*Goal of the exercise*: Return each record verbatim, images excluded.

Records from a dataset:
####
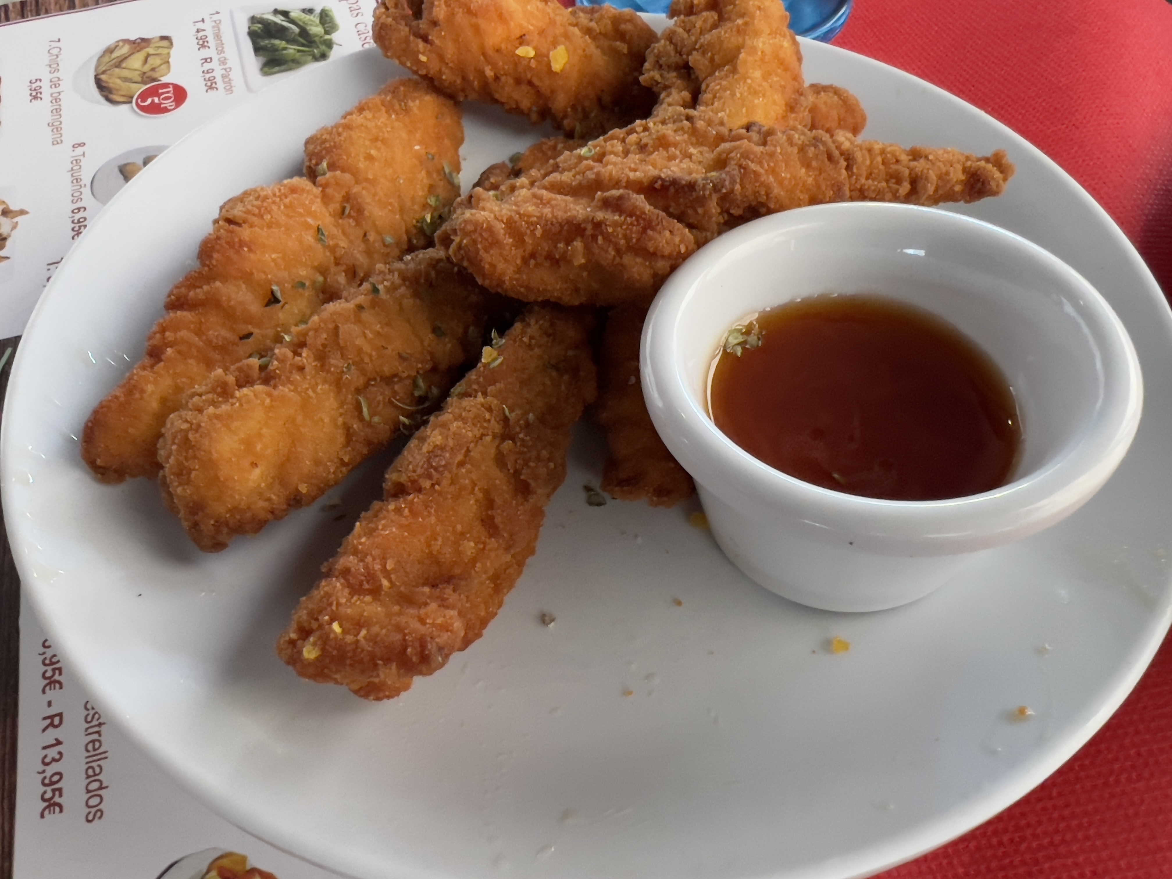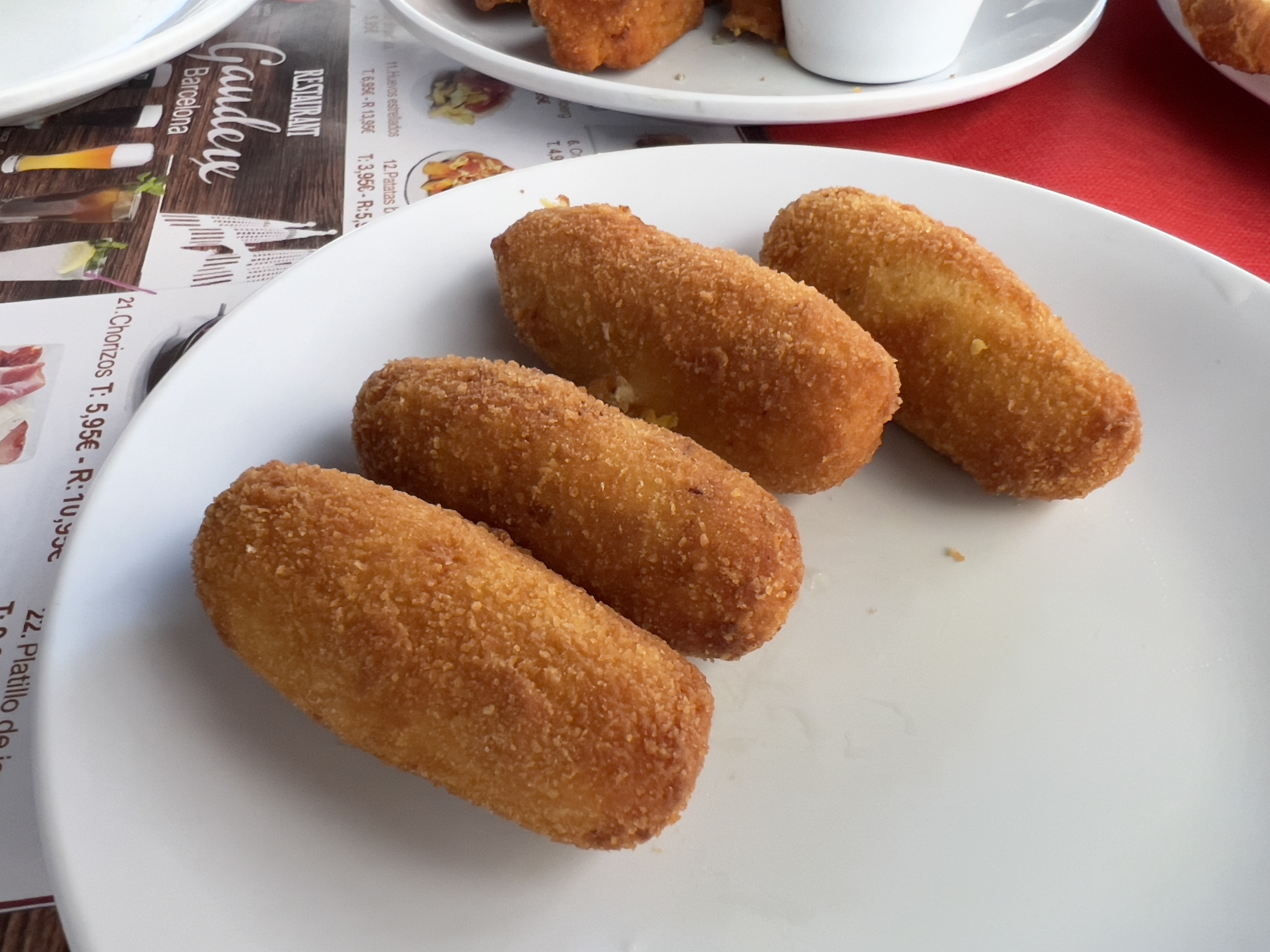 첫날 점심에는 크로켓, 치킨 텐더(?), 판 콘 토마테, 깔라마리 튀김, 샐러드, 해산물 빠에야를 먹었습니다. 타파스로 시키다 보니 해산물 빠에야를 제외하고는 소량으로 나왔습니다.
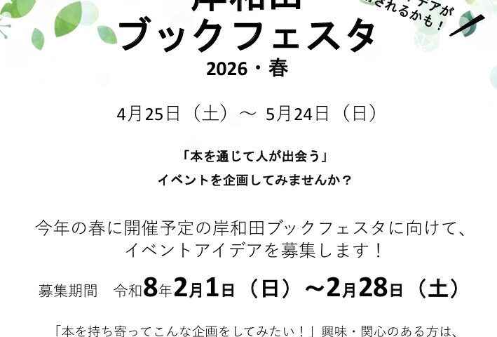 岸和田市立図書館は、4月25日から5月24日に開催予定の「岸和田ブックフェスタ2026・春」に向け、イベントアイデアの公募を行っている。テーマは「本を通じて人が出会う」。読書や本をきっかけに、人と人がつながる企画を広く募集する。
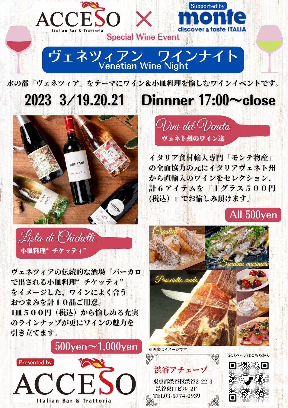 フェスタ ヴェネツィア!水の都ヴェネツィアを有するヴェネト州のワインとイタリアの小皿料理「チケッティ」を愉しむ春のワインイベント【ヴェネツィアン ワインナイト】を『渋谷アチェーゾ』で開催
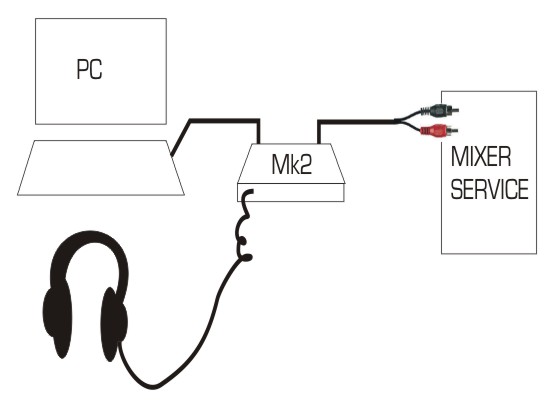 Colleghi la cuffia alla mk2 e all uscita 1/2 della mk2 ci colleghi un cavo RCA da dare a quelli del service. loro ataccheranno l\\\' altra estremita al loro mixer nel modo più idoneo alle atrezzature di cui dispongono. Ti alzeranno il volume del tuo canale quando serve e tu lavorerai o con il mouse o con la console.
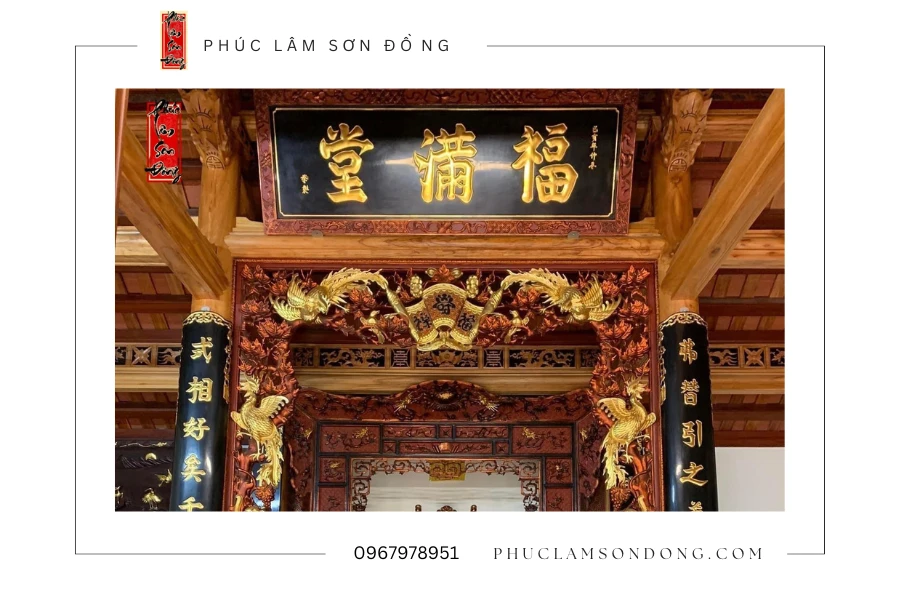 - Sự Trang Trọng Với Màu Sắc: Hoành phi thường được sơn son thếp vàng hoặc sơn đen với chữ màu vàng hoặc đỏ. Sự kết hợp của màu vàng và đỏ thể hiện sự trang trọng và quan trọng của hoành phi trong không gian thờ cúng. Các bức hoành phi này thường được trang trí với các hoạ tiết và họa tiết tinh tế, tạo nên vẻ đẹp mắt và thu hút.
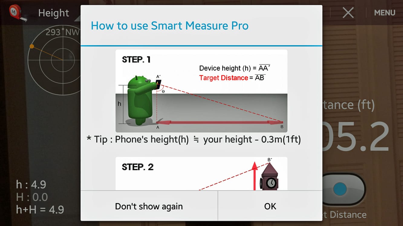 Unless you kill it, it even begins with a graphic reminder of how to do the sight (above). It can measure how high you or an object is (if you know the distance), the distance and bearing (if you know heights) or –Gasp!— even areas. It has an on-screen bubble level to improve your accuracy.
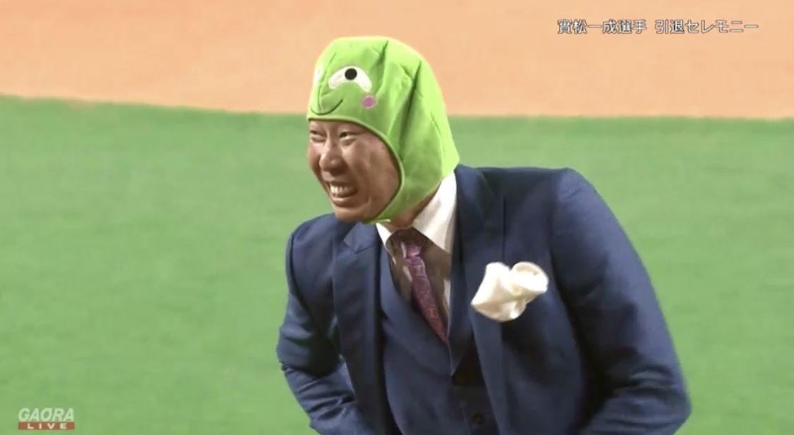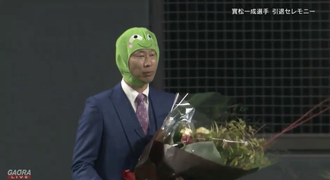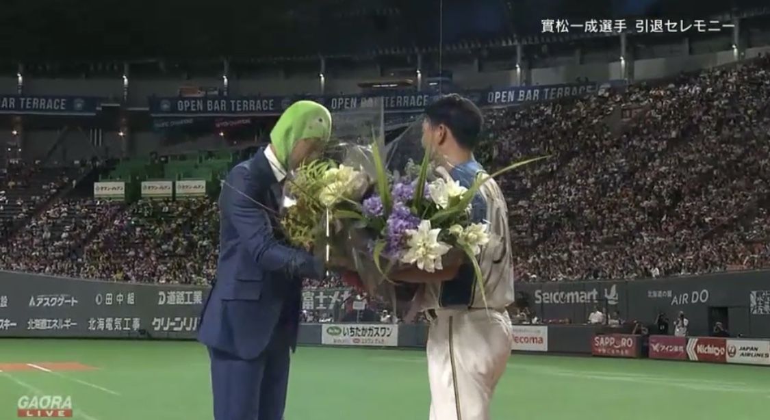 日本ハム史上初めて捕手として1位指名された実松のセレモニーには、同じ98年ドラフト同期入団の建山義紀氏(ドラフト2位)、森本稀哲氏(同4位)が花束を贈呈。森本氏が被り物姿で登場し、花束を渡した後は実松を持ち上げるなどやりたい放題で、実松のしんみりムードを吹き飛ばした。
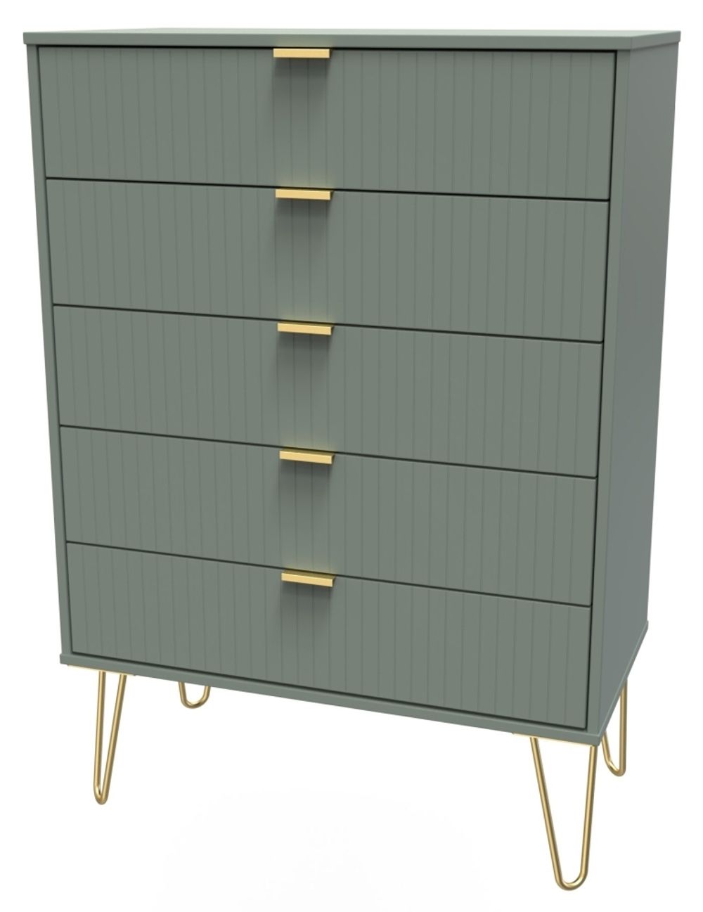 Item Code: LIF012RG This stylish five drawer chest is just what you need for your bedroom. With its reed green finish and hairpin legs, it embodies sophistication and elegance. Particle wood structure ensures durability. Includes five drawers fit for holding clothing, jewelry, and accessories. Perfect for adding convenient storage to your home.
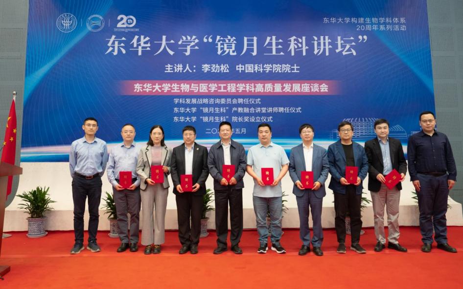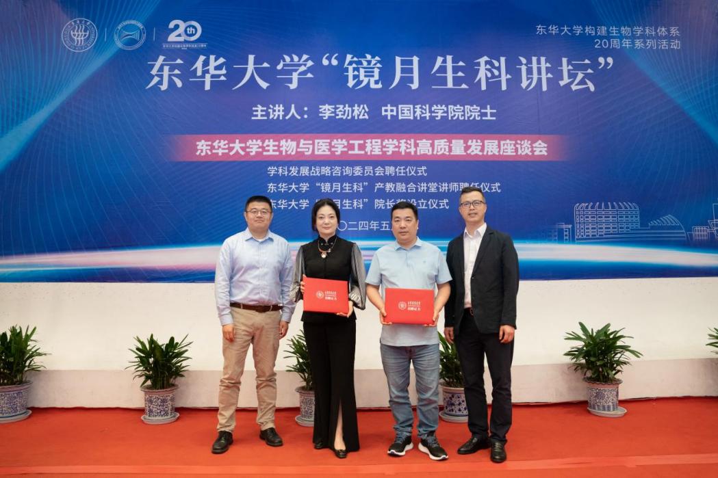 讲坛结束后,“镜月生科”院长奖(奖、助学金)设立仪式和产教融合讲堂讲师聘任仪式举行。东华大学教育发展基金会副理事长兼秘书长吴保根、学生处副处长黄朝阳为上海上青置业发展有限公司、浙江天纯创业投资有限公司颁发捐赠证书,教务处副处长李响、研究生院副院长丁明利为来自纽脉医疗、百多安医疗、昊海生科等企业专家颁发聘书。
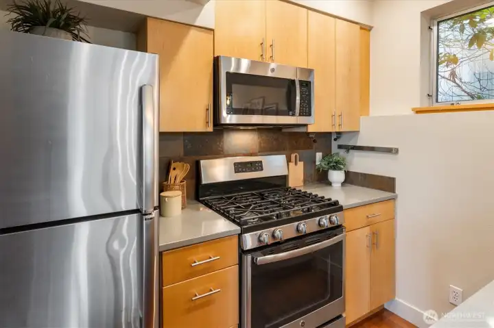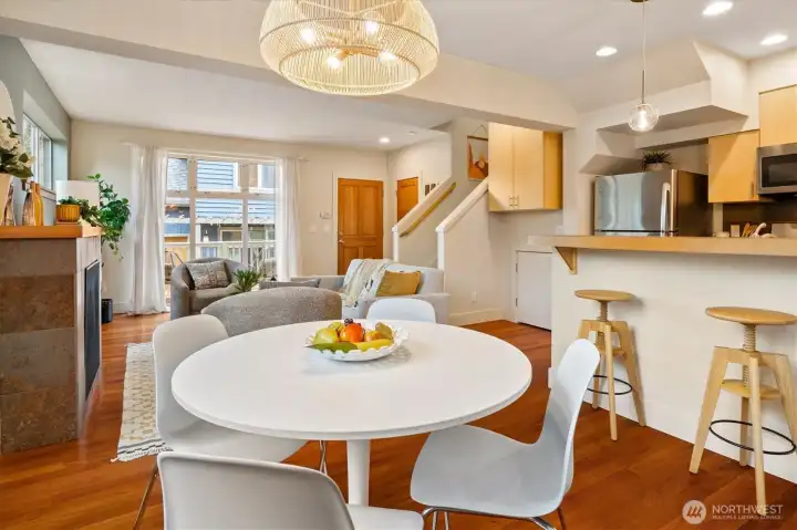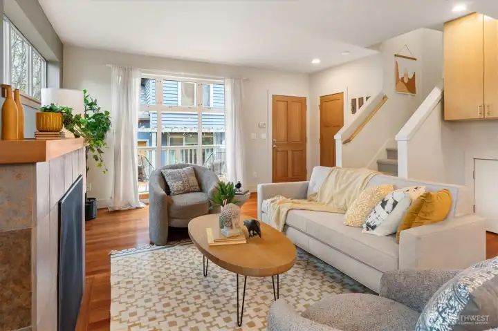 Tucked into a charming, village-like setting of the Forest Street townhomes, this bright and colorful detached single-family home is situated on a corner lot, and filled with natural light, with a welcoming energy throughout. Designed with 2 bedrooms, 2.5 baths, and a versatile bonus room—ideal for a home office, media space, playroom, or fitness area—this home adapts easily to your lifestyle. The primary suite fills the entire third floor and features vaulted ceilings, a walk-in closet, and a private en suite bath. Warm cherry hardwood floors and a cozy gas fireplace anchor the main living space. Step outside to a generously sized front porch—perfect for entertaining, grilling, or simply enjoying the neighborhood atmosphere. Enjoy unbeatable convenience with the Mount Baker light rail station just a short stroll away, making commuting into the city seamless. Daily essentials are within easy reach, including a grocery store around the corner, restaurants, and local amenities. Additional highlights include covered tandem parking for two cars, and recently replaced roof, hot water heater, washer/dryer, and dishwasher. So much to love about this home!
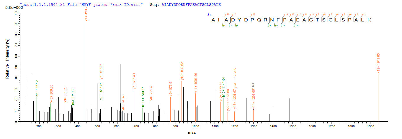 Based on the SEQUEST from database of E.coli host and target protein, the LC-MS/MS Analysis result of CSB-EP361494FPZ could indicate that this peptide derived from E.coli-expressed Synechococcus sp. (strain ATCC 27144 / PCC 6301 / SAUG 1402/1) (Anacystis nidulans) phr.
####
*Answer to this problem*:
 첫날 점심에는 크로켓, 치킨 텐더(?), 판 콘 토마테, 깔라마리 튀김, 샐러드, 해산물 빠에야를 먹었습니다. 타파스로 시키다 보니 해산물 빠에야를 제외하고는 소량으로 나왔습니다.
 岸和田市立図書館は、4月25日から5月24日に開催予定の「岸和田ブックフェスタ2026・春」に向け、イベントアイデアの公募を行っている。テーマは「本を通じて人が出会う」。読書や本をきっかけに、人と人がつながる企画を広く募集する。
 フェスタ ヴェネツィア!水の都ヴェネツィアを有するヴェネト州のワインとイタリアの小皿料理「チケッティ」を愉しむ春のワインイベント【ヴェネツィアン ワインナイト】を『渋谷アチェーゾ』で開催
 Colleghi la cuffia alla mk2 e all uscita 1/2 della mk2 ci colleghi un cavo RCA da dare a quelli del service. loro ataccheranno l\\\' altra estremita al loro mixer nel modo più idoneo alle atrezzature di cui dispongono. Ti alzeranno il volume del tuo canale quando serve e tu lavorerai o con il mouse o con la console.
 - Sự Trang Trọng Với Màu Sắc: Hoành phi thường được sơn son thếp vàng hoặc sơn đen với chữ màu vàng hoặc đỏ. Sự kết hợp của màu vàng và đỏ thể hiện sự trang trọng và quan trọng của hoành phi trong không gian thờ cúng. Các bức hoành phi này thường được trang trí với các hoạ tiết và họa tiết tinh tế, tạo nên vẻ đẹp mắt và thu hút.
 Unless you kill it, it even begins with a graphic reminder of how to do the sight (above). It can measure how high you or an object is (if you know the distance), the distance and bearing (if you know heights) or –Gasp!— even areas. It has an on-screen bubble level to improve your accuracy.
 日本ハム史上初めて捕手として1位指名された実松のセレモニーには、同じ98年ドラフト同期入団の建山義紀氏(ドラフト2位)、森本稀哲氏(同4位)が花束を贈呈。森本氏が被り物姿で登場し、花束を渡した後は実松を持ち上げるなどやりたい放題で、実松のしんみりムードを吹き飛ばした。
 Item Code: LIF012RG This stylish five drawer chest is just what you need for your bedroom. With its reed green finish and hairpin legs, it embodies sophistication and elegance. Particle wood structure ensures durability. Includes five drawers fit for holding clothing, jewelry, and accessories. Perfect for adding convenient storage to your home.
 讲坛结束后,“镜月生科”院长奖(奖、助学金)设立仪式和产教融合讲堂讲师聘任仪式举行。东华大学教育发展基金会副理事长兼秘书长吴保根、学生处副处长黄朝阳为上海上青置业发展有限公司、浙江天纯创业投资有限公司颁发捐赠证书,教务处副处长李响、研究生院副院长丁明利为来自纽脉医疗、百多安医疗、昊海生科等企业专家颁发聘书。
 Tucked into a charming, village-like setting of the Forest Street townhomes, this bright and colorful detached single-family home is situated on a corner lot, and filled with natural light, with a welcoming energy throughout. Designed with 2 bedrooms, 2.5 baths, and a versatile bonus room—ideal for a home office, media space, playroom, or fitness area—this home adapts easily to your lifestyle. The primary suite fills the entire third floor and features vaulted ceilings, a walk-in closet, and a private en suite bath. Warm cherry hardwood floors and a cozy gas fireplace anchor the main living space. Step outside to a generously sized front porch—perfect for entertaining, grilling, or simply enjoying the neighborhood atmosphere. Enjoy unbeatable convenience with the Mount Baker light rail station just a short stroll away, making commuting into the city seamless. Daily essentials are within easy reach, including a grocery store around the corner, restaurants, and local amenities. Additional highlights include covered tandem parking for two cars, and recently replaced roof, hot water heater, washer/dryer, and dishwasher. So much to love about this home!
 Based on the SEQUEST from database of E.coli host and target protein, the LC-MS/MS Analysis result of CSB-EP361494FPZ could indicate that this peptide derived from E.coli-expressed Synechococcus sp. (strain ATCC 27144 / PCC 6301 / SAUG 1402/1) (Anacystis nidulans) phr.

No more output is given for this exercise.